The main property of the visual system, which determines all aspects of its activity and underlies such functions as distinguishing the brightness, color, shape and movement of objects, assessing their size and distance, is the ability to respond to light.

The minimum amount of light energy that causes the sensation of light characterizes the absolute light sensitivity of the eye. Due to its changes, the visual system adapts, adapts to different levels of brightness in a wide range - from 10 -6 to 10 4 nits. Light sensitivity increases significantly in the dark, which allows you to perceive very weak brightness, and decreases when moving from less to more light.

Under conditions of such adaptation, a certain background activity of all levels of the visual system is established. If there are areas with unequal brightness in the field of view, then their difference is evaluated by means of the contrast, or distinctive, sensitivity of the eye.
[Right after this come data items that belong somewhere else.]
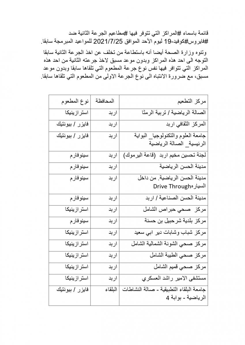 وتنوه وزارة الصحة أيضا أنه باستطاعة من تخلف عن اخذ الجرعة الثانية سابقا التوجه الى احد هذه المراكز وبدون موعد مسبق لاخذ جرعته الثانية من احد هذه المراكز التي تتوافر فيها نفس نوع جرعة المطعوم التي تلقاها سابقا وبدون موعد مسبق، مع ضرورة الانتباه الى نوع الجرعة الاولى من المطعوم التي تلقاها سابقا.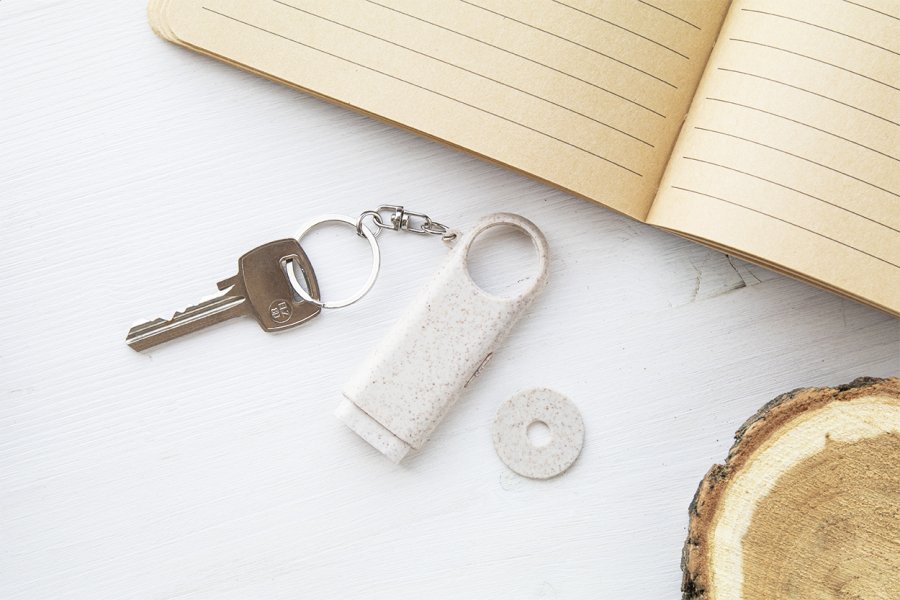 Přívěšek na klíče z ekologického plastu ze slámy se žetonem do vozíku a 2 LED světly. Do dáváno se 2 knoflíkovými bateriemi.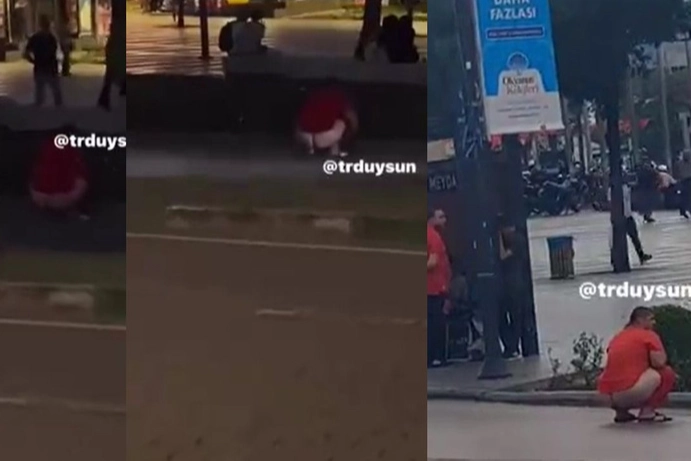 Şehrin merkezindeki bir meydanda, bir adamın 2 gündür aynı noktaya büyük tuvaletini yaptığı görüntüler çıktı.

This allows you to determine the spatial configuration of images. Consequently, contrast sensitivity is the physiological basis for the perception of the shape and size of objects. The central region of the retina has the highest contrast sensitivity.

The functional unit of the visual system is the receptive field - a cell or group of cells of a given level of the system that sends a nerve signal to the overlying neuron. Some receptive fields react only to turning on the light (on-response), others only to turning it off (off-response), others - both turning on and turning off the light (on / off-response). There are fields with on-center and off-periphery or off-center and on-periphery, as well as with an intermediate on/off zone. Due to the opponent's on/off-reactions and the excitatory-inhibitory processes connected with them, the spatio-temporal structures of the signal become sharper.
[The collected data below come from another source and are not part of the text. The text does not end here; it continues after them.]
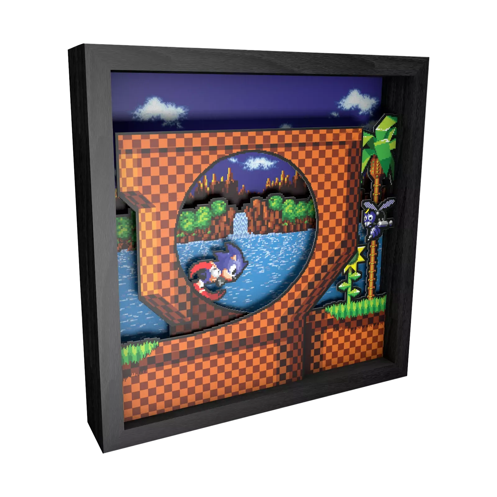 Der Sonic Loop Pixel Frame verwandelt einen ikonischen Moment aus der legendären Sonic-Serie in ein beeindruckendes 3D-Wandbild für Dein Zuhause!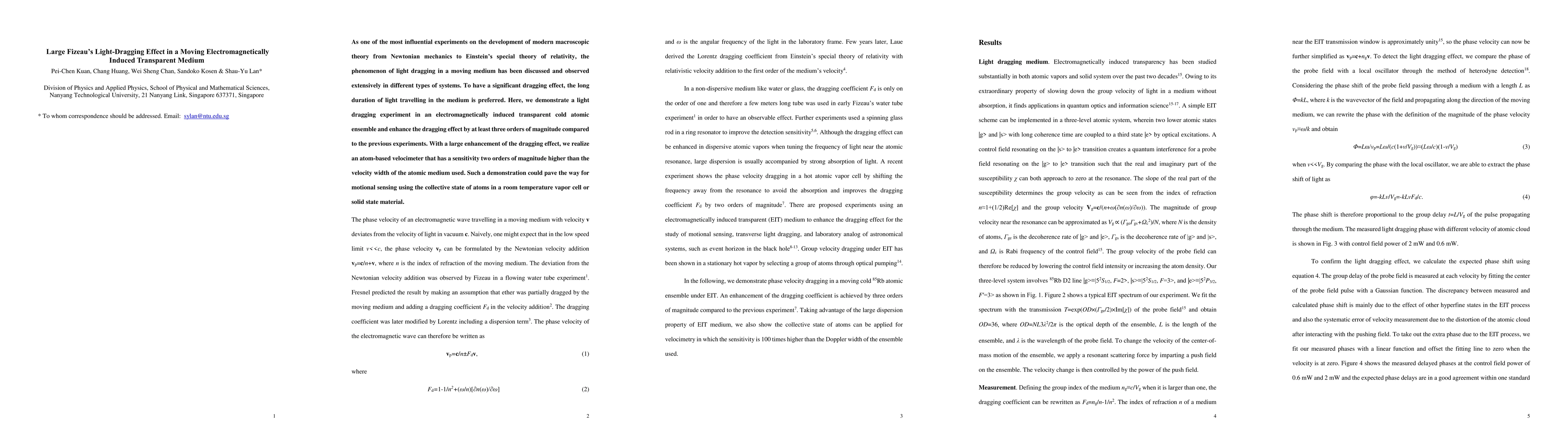 This paper demonstrates a significantly enhanced Fizeau's light-dragging effect in a moving electromagnetically induced transparent medium using cold atomic ensembles, achieving a three-order-of-magnitude improvement over previous experiments. The enhanced effect enables the development of an atom-based velocimeter with high sensitivity, potentially facilitating motional sensing in room temperature vapour cells or solid-state materials.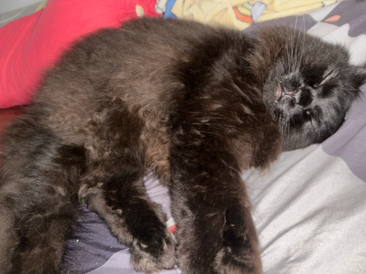 Black/greyish fur, tipped ear on the left side. He loves chicken and is abit timid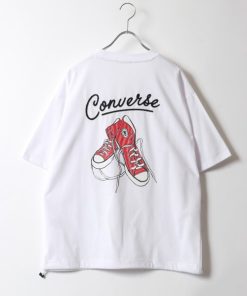 CONVERSE tシャツ CONVERSE/コンバース UVカット 接触冷感 シューズイラストバックプリント 裾ドローコード付半袖Tシャツ レディース メンズ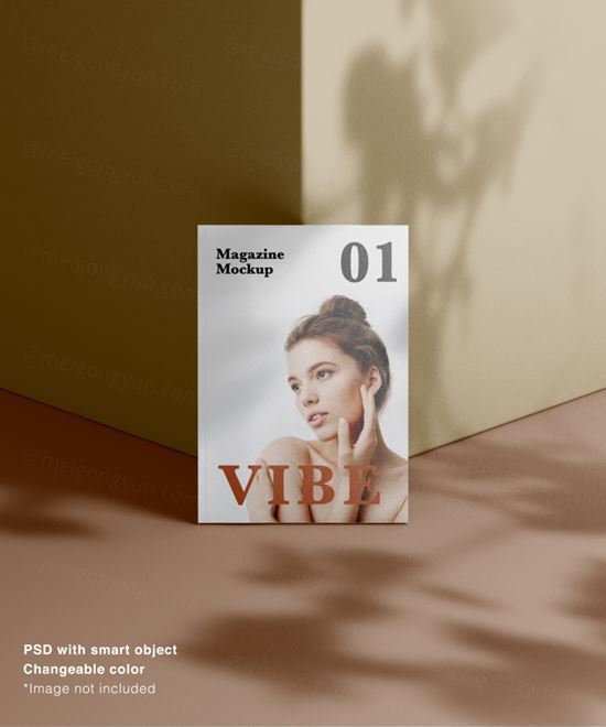 图穷联素材库 » 高端杂志画册封面带高级植物阴影设计提案样机PSD模板 Realistic magazine side view

Receptive fields change, depending on the changing conditions and tasks of visual perception, their functional restructuring takes place. In the region of the central fossa, the receptive fields are smaller than in the periphery. Unlike the receptive fields of the retina and geniculate body, which are characterized by a round shape, the cortical fields have an elongated shape and a much more complex structure.

Several cells of the underlying layer of the visual system are associated with one overlying cell, i.e., there is an ascending floor-by-floor convergence of sensory neurons. At the same time, as we move from the retina to the visual cortex, on each successive floor, the number of nerve elements and connections between them increases, so that one retinal ganglion cell is associated with thousands of cortical neurons. This improves the reliability (of the system) and reduces the likelihood that an erroneous signal will be sent.

The main stages of visual information processing can be represented as follows. In cones and rods of the retina, photophysical and photochemical processes of transformation of light energy into nervous excitation take place, which is transmitted to bipolars, and from them to ganglion cells. The code for the intensity of the signal sent to the brain along the axons of ganglion cells - the fibers of the optic nerve, is the frequency of impulse discharges.

At the level of the retina, due to the spatio-temporal summation of the light stimulus, as well as the inhibitory interaction between the zones within the fields themselves, the contours of the image are emphasized. Information is transmitted to the overlying parts of the visual system mainly about those parts of it where there is a difference, gradation of brightness and contains the most recent information. In the lateral geniculate body, lateral inhibition increases and the image contrast effect is enhanced.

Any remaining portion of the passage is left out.